Tesco also always has to look carefully at how many changes it makes because of the operating model. Tesco’s operating model has grown out of its “Tesco in a box” standardised systems, which were deployed initially to four countries. Although different countries are at different stages with the operating model, the aim is to standardise business processes and deliver technology architecture and systems that can be replicated in each country it operates in.

Davies says: “There is a desire within Tesco to stay as close to the operating model as possible, because then it is easier to support and upgrade systems.” Tesco was able to do this because business processes could be created to fit with the software.

While starting from a relatively blank canvas had its benefits, it also created extra pressures. “One of the challenges was creating something from scratch,” says Davies. “To build that supply chain and mobilise the cross-country, cross-cultural team took a bit of doing. It was a credit to the programme management team; they freed up people to look at this.”

One of the big successes of the project was the central project team that was made up of both Tesco’s IT and business staff. Davies says that it is crucial that the same people who develop the system are also managing and using it, because it is a business solution that is there to support them in their work.

Tesco also learnt valuable lessons in the first phases of the project for clothing, which it was then able to apply when the systems were later rolled out for the hard-lines business. Davies says: “If we did it again, most of what we did would be repeated, but we might do more testing across the supply chain.”

The testing process was complicated by the need to ensure that the systems would work in the multiple environments where they have been deployed. They are accessed by staff in London, the central operation and staff in each country.

Creating a template

Other parts of Tesco will feel the benefit of this project in the longer term. “The idea was that we could use the Central Europe project as a template for clothing and then hard lines that could be offered up to the operating model,” says Davies.
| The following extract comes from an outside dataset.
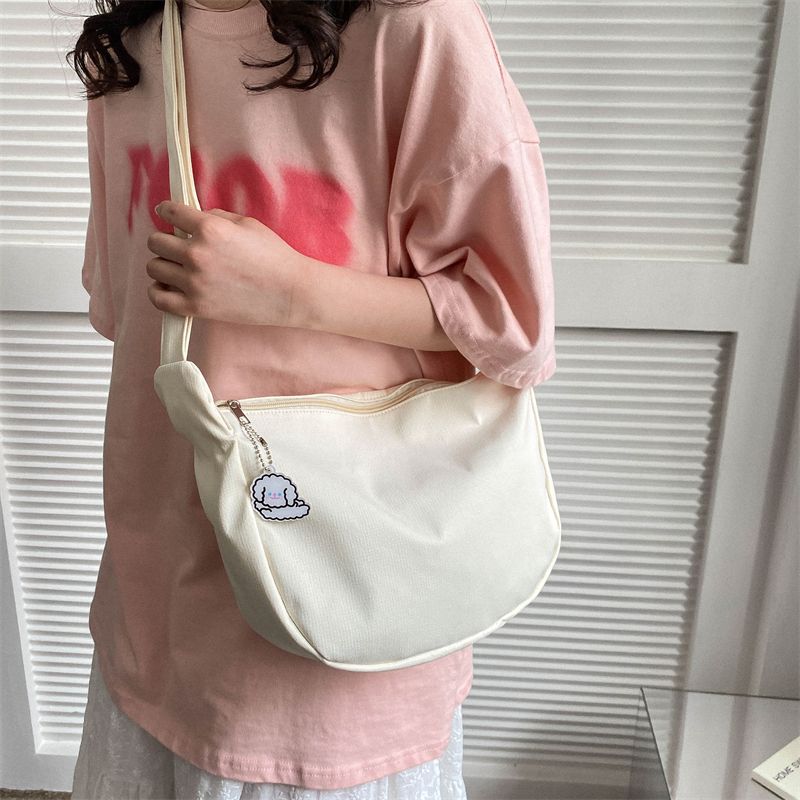 Large-capacity Canvas Shoulder Bag Women 2023 Spring Summer New Style Solid Color Simple Fashion Casual Bag Messenger Bag Trendy
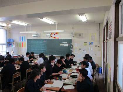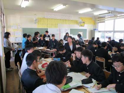 11月1日(金)から8日(金)までの一週間は、2年生の公開授業週間でした。2年生所属の先生方が、「言語活動をどのように取り入れるか」をテーマに教科指導案を作成し、授業を行いました。写真は11月8日(金)6限目、国語「走れメロス」の登場人物を班で相談して「人物相関図」を作成し、それぞれの課題を導き出している授業です。

However, he adds that because the operating model constantly evolves with each major project that Tesco undertakes – such as its launch of the Fresh & Easy format in the US – the template is likely to be adapted for further implementations.

Nevertheless, the systems have had a huge impact on the business. Some 18,500 lines of own-brand clothing – all with relevant labels in one of four languages – can now be supplied to the four countries and each store can be replenished daily. Direct sourcing has increased from 25 to 75 per cent of clothing volumes and Tesco has also been able to rationalise its supplier base from 1,000 to just 75.

“At the top level, Tesco wanted to consolidate its position as a pioneer in non-food in Central Europe,” says Davies. He explains that the project was intended to help position Tesco as a “fashion destination”, not just based on price, but also on how fashionable the clothes are. To ensure this, he says, the system had to be efficient and minimise markdowns by “getting stock out there quickly and selling it through”.

In its latest interim results, for the half year to August 22, Tesco reported that its European sales jumped 18.8 per cent at actual exchange rates to£3.6 billion. The Czech Republic and Slovakia delivered strong growth and Tesco says that it was also pleased with the profit growth in Hungary, despite the subdued economy.

In particular, its compact hypermarket format has worked well in Slovakia. Half of its total space in the country is this format, with 37 stores of this kind opened and four more planned for the second half of Tesco’s financial year.

Davies says the project demonstrates that large companies can still be agile. The speed of the project has allowed Tesco to deliver on its core aims quickly, despite the long lead times associated with sourcing clothing.